Rizzo N, Pittalis M C, Pilu G, Orsini L F, Perolo A, Bovicelli L
Second Department of Obstetrics and Gynaecology, Bologna University, School of Medicine, Italy.
Prenat Diagn. 1990 Jan;10(1):17-23. doi: 10.1002/pd.1970100104.
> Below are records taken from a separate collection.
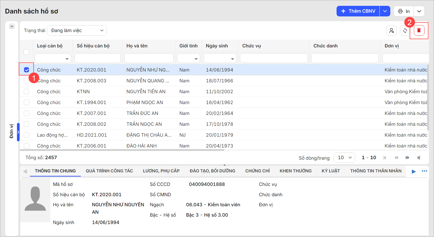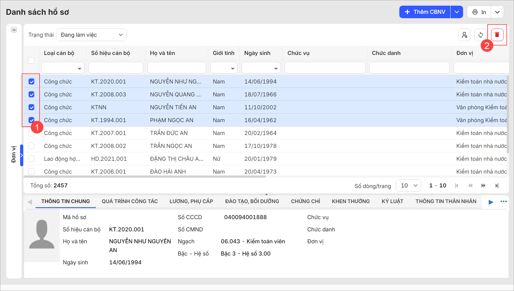 Để xóa từng hồ sơ CBNV, tích chọn CBNV, sau đó chọn Biểu tượng thùng rác.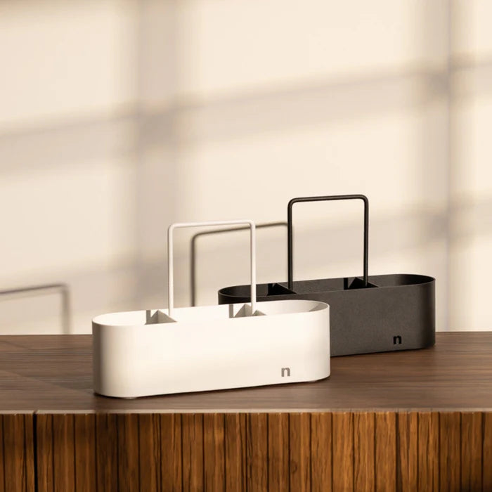 you use this designer piece as a sink organizer, the drain channel ensures that the water from your wet sponges can drain away at any time. The practical carrying handle can be converted into a holder for dishcloths. The padding on the underside of the organizer prevents scratches on delicate surfaces. Our timeless interior colors of black and white, the engraved nordesign logo, and the powder coating give the sink organizer a high-quality look and feel.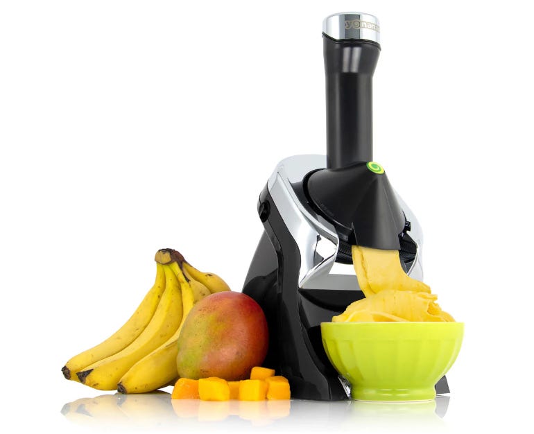 The Yonanas is one of a number of appliances dedicated to making soft-serve-style sorbet or nice cream from frozen fruit. You push chunks of frozen fruit down a chute using a plunger, where it’s forced past a spinning blade. In addition to the Deluxe model pictured above, Yonanas also offers the 902 Classic model at $39.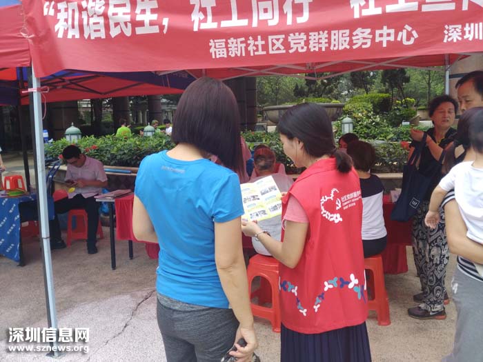 深圳信息网消息(通讯员 劳慧文)2019年6月19日,福新社区党群服务中心携手医院的医疗团队在黄埔雅苑一期广场开展了一场以“和谐民生,社工同行”社工宣传活动。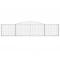 Paniers à gabions arqués 3 pcs 400x30x80/100 cm Fer galvaniséCes paniers de gabion pratiques sont spécialement conçus pour servir de barrières de jardin décoratives et insonorisantes. Matériau durable : il est fabriqué en fer galvanisé résistant à la corrosion pour plus de stabilité et de durabilité, et avec un diamètre de fil de gabion robuste de 3,5 mm, le mur de gabion ornera sûrement votre jardin en toute saison. Construction stable : la cage à gabion voûtée est conçue pour être remplie de roches ou de gravier pour une construction stable. Large application : vous pouvez placer le mur de soutènement en gabion partout où vous avez besoin pour garder le vent et la pluie à l'extérieur. Vous pouvez également le placer dans votre jardin, cour avant ou sur le patio comme supplément décoratif à votre espace de vie extérieur. Crochets de gabion renforcés : les crochets de gabion renforcés inclus relient étroitement les panneaux métalliques opposés afin que le mur de soutènement de la cage en pierre puisse conserver sa forme même lorsqu'il est rempli de roche ou d'autres matériaux. Utilisation pratique : une fois le montage terminé, il vous suffit de remplir le panier mural gabion avec des pierres pour une utilisation immédiate. Il peut être rempli de matériaux naturels tels que le béton, le grès et la pierre colorée. Bon à savoir :Pour faciliter au maximum le montage, chaque produit est livré avec des instructions. Les pierres ne sont pas incluses dans la livraison. Attention ! Les fils métalliques peuvent être pointus et tranchants ! Portez des chaussures de sécurité et des gants de protection lors de l'installation !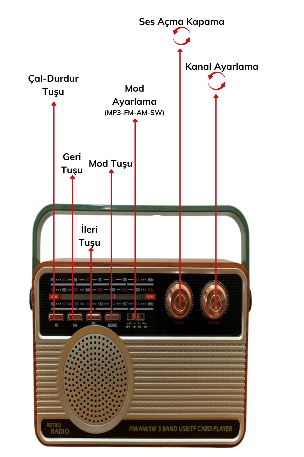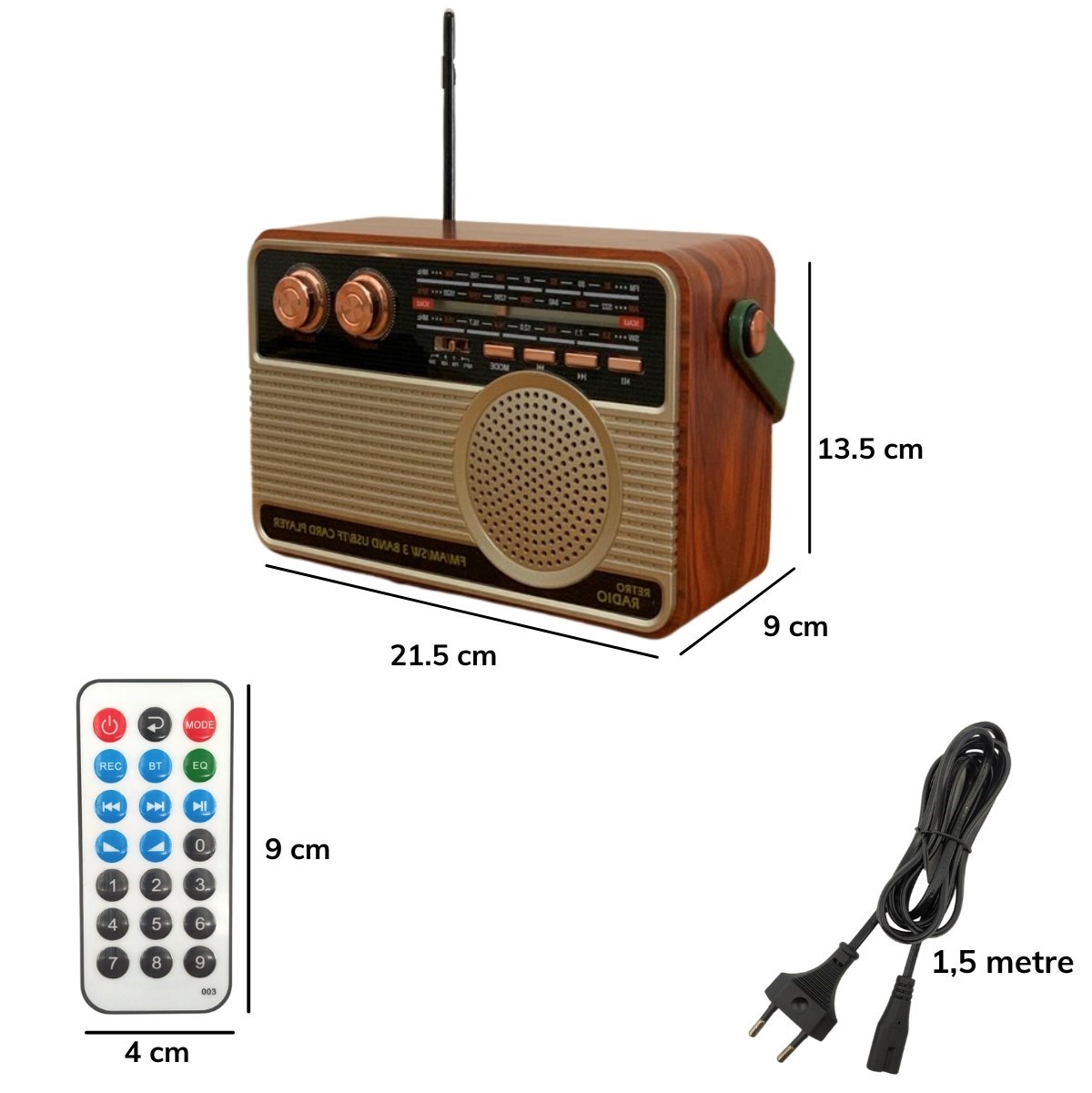 Buffer 506B Dekoratif Eskitme Nostalji Uzaktan Kumandalı Radyo Usb/Aux/Hafıza Kartı/Bluetooth/Şarjlı

Experience with prenatal karyotyping of 237 fetuses with sonographic evidence of malformation is reported. Abnormal karyotype was found in 40 cases (16.8 per cent): chromosomal aberrations were found in 19 of the 178 fetuses with an isolated structural anomaly (10.6 per cent) and in 21 of the 59 fetuses with multiple malformations (35.6 per cent). Detailed cytogenetic and morphological information concerning fetuses affected by omphalocele, duodenal atresia, hydrocephalus, multicystic kidney, unilateral hydronephrosis and cystic hygroma is reported. The need for a very careful ultrasound evaluation of fetal anatomy in these pregnancies is stressed, as the risk of a chromosomal anomaly depends mainly on the existence of more than one ultrasonically diagnosed structural defect.
本文报告了对237例有超声畸形证据的胎儿进行产前核型分析的经验。40例(16.8%)发现核型异常:178例孤立结构异常胎儿中有19例(10.6%)发现染色体畸变,59例多发畸形胎儿中有21例(35.6%)发现染色体畸变。报告了有关受脐膨出、十二指肠闭锁、脑积水、多囊肾、单侧肾积水和囊状水瘤影响的胎儿的详细细胞遗传学和形态学信息。强调在这些妊娠中对胎儿解剖结构进行非常仔细的超声评估的必要性,因为染色体异常的风险主要取决于超声诊断出的结构缺陷是否不止一种。